Similarly, Congress overwhelmingly passed a 2008 bill to help foreign children who were trafficked by criminals into the United States. But the William Wilberforce Trafficking Victims Protection Reauthorization Act of 2008 created the vast “Unaccompanied Alien Children” (UAC) doorway.
The doorway was quickly used by smugglers, illegal migrants, U.S. employers, labor brokers, and cartels to vastly expand the indentured child labor business in the United States.
“Cristian works a construction job instead of going to school. He is 14 … Carolina packages Cheerios at night in a factory. She is 15 … Wander starts looking for day-labor jobs before sunrise. He is 13,” said the photo captions in the New York Times 2023 articles about the Congress-enabled commercial abuse of children.
The inflow of roughly 500,000 child migrants from 2008 to 2020 has been augmented by another 480,000 children, youths, and youthful-looking adults during Biden’s term.
The millionth UAC will likely walk through the 2008 loophole this month, marking another family separation caused by the economic incentives of U.S. border rules.
Biden’s vast migrant inflow has suppressed wages, spiked housing costs, cracked public support for migration, expanded chaotic diversity, and minimized elite concerns for sidelined Americans, — all while boosting Wall Street.
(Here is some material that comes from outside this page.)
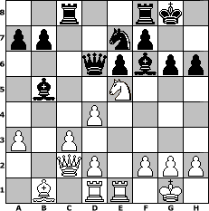 game notation in PGN-format [Event "Frühling 2019"] [Site "www.myChess.de"] [Date "2019.05.10"] [Round "1"] [White "Steffi"] [Black "Ziegert"] [ECO "D31"] [WhitemyELO "1330"] [BlackmyELO "1671"] [Result "0-1"] [TimeControl "10/1728000"] [WhiteDays "53"] [BlackDays "25"] [MyChessNo "114970"] 1. d4 d5 2. c4 e6 3. Nc3 Bb4 4. Nf3 Nf6 5. Bg5 O-O 6. e3 h6 7. Bh4 c5 8. Qc2 dxc4 9. Bxc4 cxd4 10. exd4 Bd7 11. O-O Be7 12. Rad1 Nc6 13. a3 Rc8 14. Ba2 Nd5 15. Bb1 g6 16. Bg3 Bf6 17. Bd6 Nce7 18. Ne5 Nxc3 19. bxc3 Bb5 20. Rfe1 Qxd6 0-1 position notation in FEN-format 2r2rk1/pp2np2/3qpbpp/1b2N3/3P4/P1P5/2QP1PPP/1B1RR1K1 - - - 0 21 Captured white pieces: Captured black pieces: Click on a captured piece in order to display the desired move!

Last year I posted a video that went crazy viral after @elonmusk liked it. A homeless woman said being homeless in Portland was “a piece of cake”. Here is another I did with her that day. Wendy and her friends were about the get swept and she referred to it as wack-a-mole. pic.twitter.com/sLzd68WY0B
— Kevin Dahlgren 🥾 🥾 (@kevinvdahlgren) January 29, 2024
Unsurprisingly, this migration-based economic policy is very unpopular — and is likely the biggest threat to Biden’s reelection campaign.